Murat Ataş, "Armine: Çorak Dağ'ın Sürgünü" adlı kitabında, Sivas’ta, Ermeniler ve Türklerin bir arada yaşadığı bir köyde I. Dünya Savaşı’yla başlayan ölümcül fırtınaya tutulan köylülerin hikâyesini Armine adlı bir genç kadının gözünden anlatıyor. Romanda, kurgu ile reel, söylence ile sevda iç içe geçiyor.

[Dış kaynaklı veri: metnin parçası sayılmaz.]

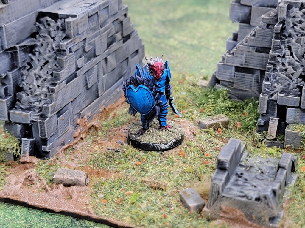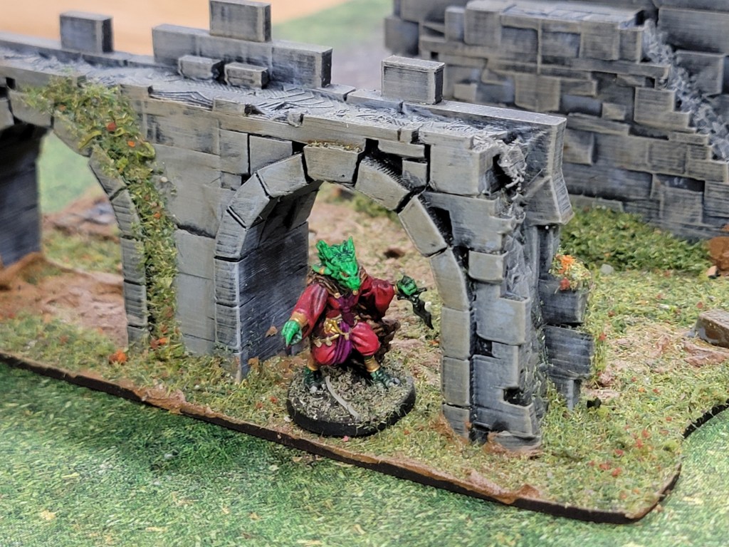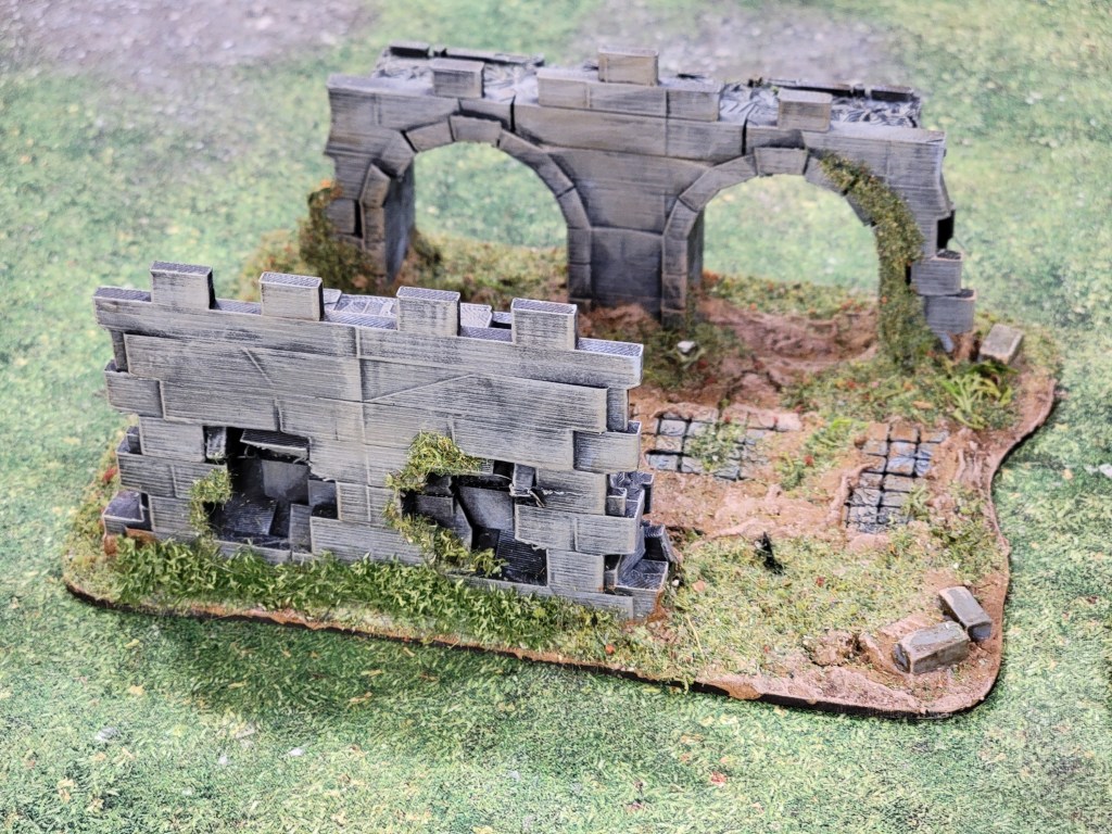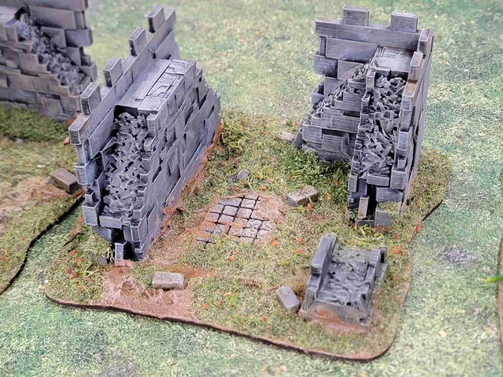 The walls and bit of cobblestone peaking out are all 3D printed. Simple triad dry brush followed by a super thinned warm Sepia tone wash. The bricks sitting on the ground are some basing bricks I had laying around. They’re huge and I’ve struggled to use them in basing so this was a welcome opportunity to lay them down.
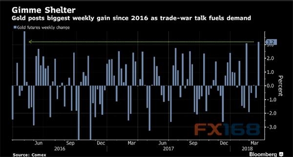 因日益嚴(yán)重的經(jīng)濟(jì)和地緣政治緊張局勢(shì)助長(zhǎng)了對(duì)黃金的避險(xiǎn)需求,上周黃金期貨取得近兩年來(lái)最大周漲幅。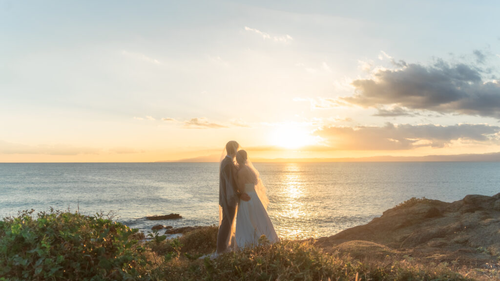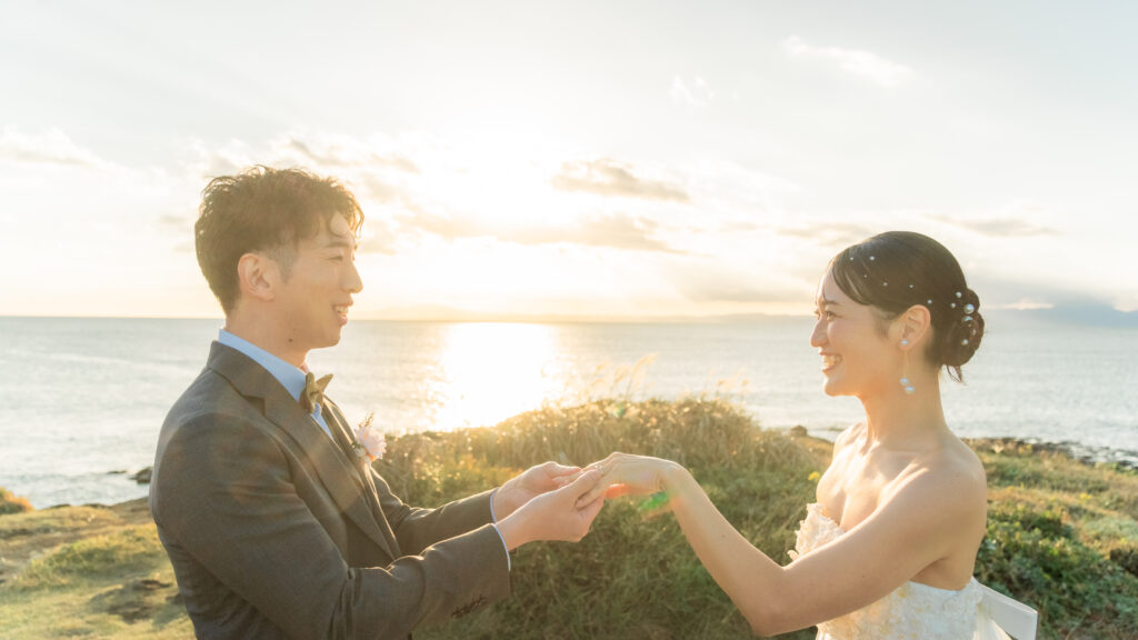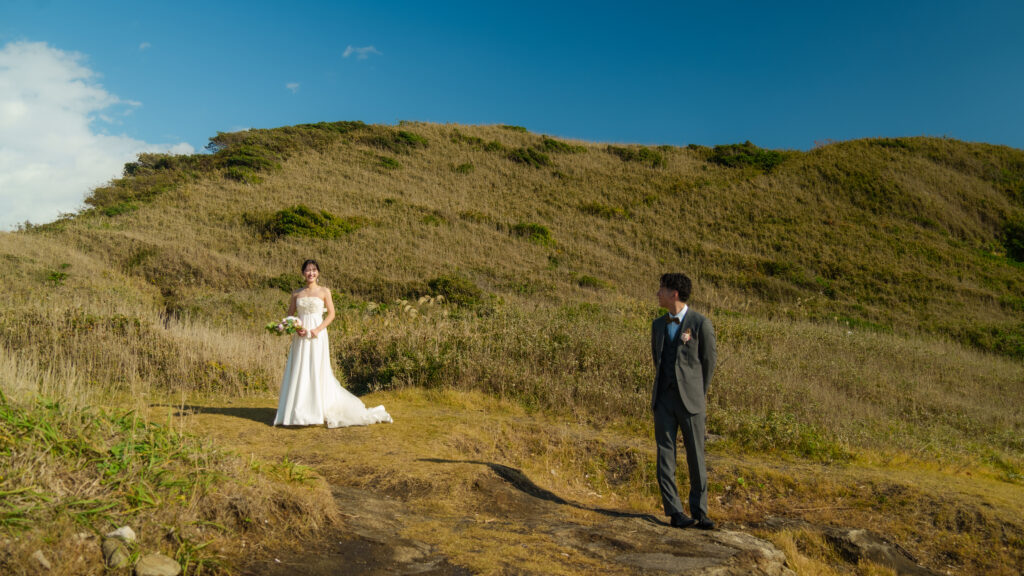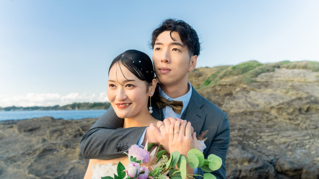 結論から言うと、前撮りは絶景スポットや有名観光地でなくても、二人がいつも訪れる場所、いつも過ごす時間を撮る方が、何年経っても色褪せない記憶になることがあります。神奈川県三浦半島にある黒崎の鼻は、地元の人が散歩に訪れる穏やかな海辺で、観光地のような華やかさはありません。でもだからこそ、「いつものデート」「いつもの休日」をそのまま切り取ることができます。今回は「特別な撮影じゃなくて、いつもの二人を残したい」というお二人のために、黒崎の鼻で夕方の柔らかい光の中、リラックスして過ごす姿を撮影しました。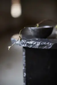 Sidebordets rustikke kanter symboliserer, hvordan marmoren er hugget ud af bjerget, og den rustikke kant giver det mørke sidebord et maskulint og robust look.

Ihtiyar bir adam, yanına kara köpeğiyle, Ermeniler ve Türklerin bir arada yaşadığı bir köye kazanç. Kışları Sivas şehrinde, yazları ise köyde sakin bir yaşam süren Galenler ailesi bu durumdan huzursuz olur, zira ihtiyarla aralarında geçmişten kalmış, çözülmemiş bir hesap vardır.


GÜNBATIMI YAKLAŞIYOR

Birinci Dünya Savaşı’yla birlikte tarih önüne geçilmez bir hızla akmaya başlar. Ermeniler için günbatımı yaklaşırken, Armine ile Civan’ın aşkı demin şafağını yaşamaktadır. Köylüler, nedenlerini dahi bilmedikleri politik kararlara maruz kalarak yok oluşa dürüst yürürken, iki âşık önce hayatta kalmaya, daha sonra birbirlerine kavuşmaya ahdederek ölüme direnirler.

YEREL BİR FACİA

Birincil romanını kaleme bölge Murat Ataş, kurgu ile gerçeği, söylence ile sevdayı iç içe geçirdiği Armine Çorak Dağ’ın Sürgünü’nde, dönemin gelişmeleriyle bezediği durum akışını mahir bir şekilde örüyor. Yörenin gelenekleri, Türkler ve Ermeniler arasında komşuluk ilişkileri, gitgide biriken gerginliklerin 1915’te nasıl bir karanlık yarattığı incelikli bir şekilde aktarılırken, yerel bir facia, evrensel ölçekte insanlık hallerini yansıtan bir aynaya dönüşüyor. Okur, çocukluktan genç kızlığa ve nihayet yaşlılığa dürüst yol bölge Armine’nin adımlarını peşine düşüp takip ederken, o aynayı kendi kendine de tutuyor zaruri olarak. Armine Çorak Dağ’ın Sürgünü, bir dönem romanı, ama salt bir dönemin yok, bütün zamanların insani acılarının romanı.